Sometimes adding an adverb, such as really, sure or certainly, can add the implication of condition as well.  As can using "wish" instead of "want" or "like."

"I'd really like to go, but..."
"I'd sure like to travel, but..."
"I certainly wish I could, but..."

Using "I would like to..." is not only more formal and polite, to me it sometimes has a slightly negative connotation, as if one is saying they would like to but meaning that they really would not like to!


----------



## Q-cumber

tregina12000 said:


> Using "I would like to..." is not only more formal and polite, to me it sometimes has a slightly negative connotation, as if one is saying they would like to but meaning that they really would not like to!



There's actually no need to use special constructions to speak polite Russian. Just include standard "magic words" into phrases, such as "спасибо", "пожалуйста", "простите"  and so on.


----------



## Awwal12

> There's actually no need to use special constructions to speak polite Russian. Just include standard "magic words" into phrases, such as "спасибо", "пожалуйста", "простите" and so on.


You forgot to mention the addressing in plural (на "вы").  But I agree with you.


----------



## Q-cumber

Awwal12 said:


> You forgot to mention the addressing in plural (на "вы").  But I agree with you.
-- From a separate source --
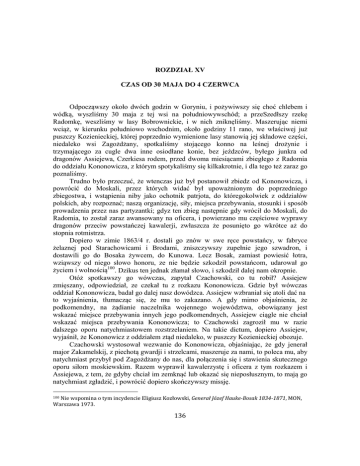 ROZDZIAŁ XV CZAS OD 30 MAJA DO 4 CZERWCA Odpocząwszy około dwóch godzin w Goryniu, i pożywiwszy się choć chlebem i wódką, wyszliśmy 30 maja z tej wsi na południowywschód; a przeSzedłszy rzekę Radomkę, weszliśmy w lasy Bobrownickie, i w nich zniknęliśmy. Maszerując niemi wciąż, w kierunku południowo wschodnim, około godziny 11 rano, we właściwej już puszczy Kozienieckiej, której poprzednio wymienione lasy stanowią jej składowe części, niedaleko wsi Zagożdżany, spotkaliśmy stojącego konno na leśnej drożynie i trzymającego za cugle dwa inne osiodłane konie, bez jeźdzców, byłego junkra od dragonów Assiejewa, Czerkiesa rodem, przed dwoma miesiącami zbiegłego z Radomia do oddziału Kononowicza, z którym spotykaliśmy się kilkakrotnie, i dla tego też zaraz go poznaliśmy. Trudno było przeczuć, że wtenczas już był postanowił zbiedz od Kononowicza, i powrócić do Moskali, przez których widać był upoważnionym do poprzedniego zbiegostwa, i wstąpienia niby jako ochotnik patrjota, do któregokolwiek z oddziałów polskich, aby rozpoznać; naszą organizację, siły, miejsca przebywania, stosunki i sposób prowadzenia przez nas partyzantki; gdyz ten zbieg następnie gdy wrócił do Moskali, do Radomia, to został zaraz awansowany na oficera, i powierzano mu częściowe wyprawy dragonów przeciw powstańczej kawalerji, zwłaszcza że posunięto go wkrótce aż do stopnia rotmistrza. Dopiero w zimie 1863/4 r. dostali go znów w swe ręce powstańcy, w fabryce żelaznej pod Starachowicami i Brodami, zniszczywszy zupełnie jego szwadron, i dostawili go do Bosaka żywcem, do Kunowa. Lecz Bosak, zamiast powiesić łotra, wziąwszy od niego słowo honoru, ze nie będzie szkodził powstańcom, udarował go życiem i wolnością100. Dzikus ten jednak złamał słowo, i szkodził dalej nam okropnie. Otóż spotkawszy go wówczas, zapytał Czachowski, co tu robił? Assiejew zmięszany, odpowiedział, ze czekał tu z rozkazu Kononowicza. Gdzie był wówczas oddział Kononowicza, badał go dalej nasz dowódzca. Assiejew wzbraniał się atoli dać na to wyjaśnienia, tłumacząc się, że mu to zakazano. A gdy mimo objaśnienia, że podkomendny, na żądianie naczelnika wojennego województwa, obowiązany jest wskazać miejsce przebywania innych jego podkomendnych, Assiejew ciągle nie chciał wskazać miejsca przebywania Kononowicza; to Czachowski zagroził mu w razie dalszego oporu natychmiastowem rozstrzelaniem. Na takie dictum, dopiero Assiejew, wyjaśnił, że Kononowicz z oddziałem ztąd niedaleko, w puszczy Kozienieckiej obozuje. Czachowski wystosował wezwanie do Kononowicza, objaśniając, że gdy jenerał major Zakamelskij, z piechotą gwardji i strzelcami, maszeruje za nami, to poleca mu, aby natychmiast przybył pod Zagożdżany do nas, dla połączenia się i stawienia skutecznego oporu siłom moskiewskim. Razem wyprawił kawalerzystę i oficera z tym rozkazem i Assiejewa, z tem, że gdyby chciał im zemknąć lub okazać się nieposłusznym, to mają go natychmiast zgładzić, i powrócić dopiero skończywszy missję. 100 Nie wspomina o tym incydencie Eligiusz Kozłowski, Generał Józef Hauke-Bosak 1834-1871, MON, Warszawa 1973. 136 Po odjechaniu powyższych wysłańców, pomaszerowaliśmy w poprzednim kierunku dalej, i około godziny 11 rano, stanęliśmy w starym a rzadkim dębowym lesie, na skraju, od północnej strony wsi, obstawiwszy się wedetami, czatami i podjazdami. Był upał. Znużeni wczorajszą bitwą i całonocnym marszem, do tego nadzwyczaj głodni i spragnieni, mimo to gdyśmy ustawiwszy się szeregami w miejscu spoczęli - sen nas tak zmorzył, że mimo palącego słońca, kamieniem usnęliśmy. Dopiero około 1, popołudniu, zbudziła nas ze snu, grzmiąca komenda Czachowskiego w gniewie: - Wstawać, w tej chwili pod broń! A następnie gdyśmy stanęli. - Oddział formuj się! Kawalerja rozdziel się, i stań na skrzydłach! Kosynjerzy i furgony w środek frontu! A gdyśmy powyższe komendy wykonali. Wydawszy jeszcze komendę: - Piechota i strzelcy w tyraljery! W jedną linję, w prawo i w lewo o pięć kroków odstępu: rozsyp się! - następnie zagrzmiał do nas: - pójdziemy naprzód obławą, i otoczymy tych malkontentów; a gdyby potrzeba była, to i bagnetem ich zmusimy, aby albo się bili z wrogiem, albo z województwa ustąpili, i tegoż darmo nie objadali. Przyzwawszy teraz do boku swego wysłanych poprzednio z Assiejewem kawalerzystów, którzy przed chwilą powrócili, rzekł do nich: - Prowadźcie teraz do obozu tego łotra! - a do rozwiniętej, naszej długiej linji dodał: -oddział frontem naprzód za mną - marsz! Przyczyną gniewu i wydanych powyższysh dyspozycyj, była odpowiedź Kononowicza. A była ona taka: że jeżeli oddział Czachowskiego czuje się osłabionym i znużonym, odbytemi bitwami i marszami, oraz zogrożonym przewagą sił postępujących za nim Moskali; to niech stanie w puszczy tej obozem, a on, mając obecnie oddział z tysiąca przeszło ludzi, weźmie go pod swoją opiekę, i obstawi tak swemi wedetami i czatami, że pod osłoną ich, będzie magł dłuższy czas wypocząć i się zreorganizować. O połączeniu się bowiem, do wspólnego działania przeciw wrogowi, mowy być więcej nie może; a on o tem nawet ani myśli. Ironja, obelga i nieposłuszeństwo okazane Czachowskiemu, jako naczelnikowi województwa, na którego terytorjum Kononowicz wciąż się ukrywał, siłami tegoż organizował się i żywił swój oddział spowodowały powyższe słuszne uniesienie naszego wodza. Maszerowaliśmy więc w rozwiniętej linji borami, przeszło półtory mili. Lecz Kononowicza w ostatniem jego obozowisku, już nie zastaliśmy. Wyszedłszy pod nadleśnictwo Augustow, i powziąwszy tam wiadomości, że Kononowicz pomaszerował ku Kozienicom, zwinęliśmy się w kolumnę pochodową, i za nim podążyliśmy. Gdyśmy znów wyszli z puszczy na pola, już należące do wymienionego miasta,

It depends...politeness and formality aren't the same thing.


----------



## tregina12000

Could stiff formality give the impression of being impolite then, as if one were talking down to another?


----------



## Awwal12

> Could stiff formality give the impression of being impolite then, as if one were talking down to another?


Well, it could do only in groups where low or moderate formality is a rule (between students or other youth, for example). Otherwise there should be nothing wrong with a high formality (especially when you aren't familiar with a person you are talking to).


----------